Why GUIs make us dumber.

I’ve been teaching a Year 12 Information Technology course this year. In some ways I’ve enjoyed it (it’s the first time I’ve actually ever been paid for doing something to do with computer programming, and it has helped me to make the decision to go back to Uni and complete my degree in this area), but in lots of ways I really haven’t.

I don’t know how much the students are to blame (and I’m game making a statement like that, since some of them read this blog). I’m thinking more and more that perhaps there is something else that isn’t making them succeed as much as I would have liked. It may be that the group of students I have just aren’t motivated in the way I was as a student, or perhaps even I wasn’t at their age. This may be true, since I was busy dropping out of Uni when I was about 18, after all.

But I was still teaching myself stuff to do with programming at that age. Whether it was logo or Basic at school, Pascal C or C++ at University, or Python, JavaScript and AppleScript since then, I’ve continued to learn stuff related to coding my whole life. I even taught myself Amiga E back when I had an A1200.

Perhaps there is an overstatement with the title to this post. I’m not sure that GUIs do indeed make us dumber. It’s a little more complicated than that.

Back in the 70s, 80s, and even the early 90s, computers really weren’t that universal. You could do all sorts of things without having to use a computer. Now, computers are everywhere. The idea that everyone would rely on a world-wide computer network for a significant amount of their social interaction was something that was limited to science fiction books. And even they mostly underestimated just how much the internet, and computers, would affect our lives.

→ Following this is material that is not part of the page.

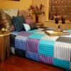 本套为东南亚风格装修,客厅内的沙发选用藤这种自然材质作为主材,全手工编制而成能一下子吸引人们的目光。而且造型上较为简约,不怕搭配过火。搭配彩色的抱枕,别有一番风味。缤纷的玻璃吊灯大大提升情调。红色的窗帘代表了红红火火,整个居室营造出清新幽雅的气氛,同时也适时地表达出带有佛教文化背景的生活情趣。此外经过简约处理的传统家具同样把这种情绪落实到细微之处。

Because computers weren’t so widespread, only a small fraction of the population were using them. Those people were likely to be, perhaps I’d suggest with a touch of smugness, smarter than those who weren’t. At least, they were a different type of people. Perhaps the type of people to whom a regimented, logical way of thought was more natural. A group of people who are prepared, and able to memorise strange, obscure sequences of characters and numbers.

Because, back then, that was the only way to interact with computers. I mean, anyone could remember:

load "*",8,1

to load and run a game on a commodore 64. But figuring out why, when you pressed up onto the line labelled READY. and pressing return yielded an arcane “Out Of Data Error” perhaps required more thought. Being able to grasp the concepts behind programming: the various looping and decision structures was easy to people who saw the world through binary glasses.

Users of computers now don’t have to worry any more about getting the command exactly right. You don’t have to even remember the dir command, or the C64 load “$”,8 to get a listing of a directory. You just double-click an icon that looks like a folder, and you get an automatic list of whatever files and folders are inside of it.

This has taught users that remembering arcane commands isn’t important. Until you have to write programs yourself.

This is the biggest thing my students struggle with. Not understanding that a spelling error or typo can have a totally bizarre impact on the execution of a program (or even display or behaviour of a web-page, for those that have only ever used DreamWeaver or FrontPage). This takes the basest manifestation that False has a different meaning in virtually every programming language from false, to not recognising that not having quotes around a string causes the language to attempt to execute it.

I do blame GUIs for these shortfalls in the skills and knowledge of younger people. When the user interface prevents you from making mistakes in data entry, then you don’t develop the problem-solving skills to overcome errors in other contexts when they do appear.

And computer programming is all about problem solving. Being able to logically approach an error message, interpret the likely causes and fix the issue requires perhaps more skills than I had anticipated these students would have. Would things have been better for my teaching of this subject if I had students more like myself, who are all busy doing Physics-Chemistry-double-Maths? Perhaps. But I think they too would lack some of the skills required.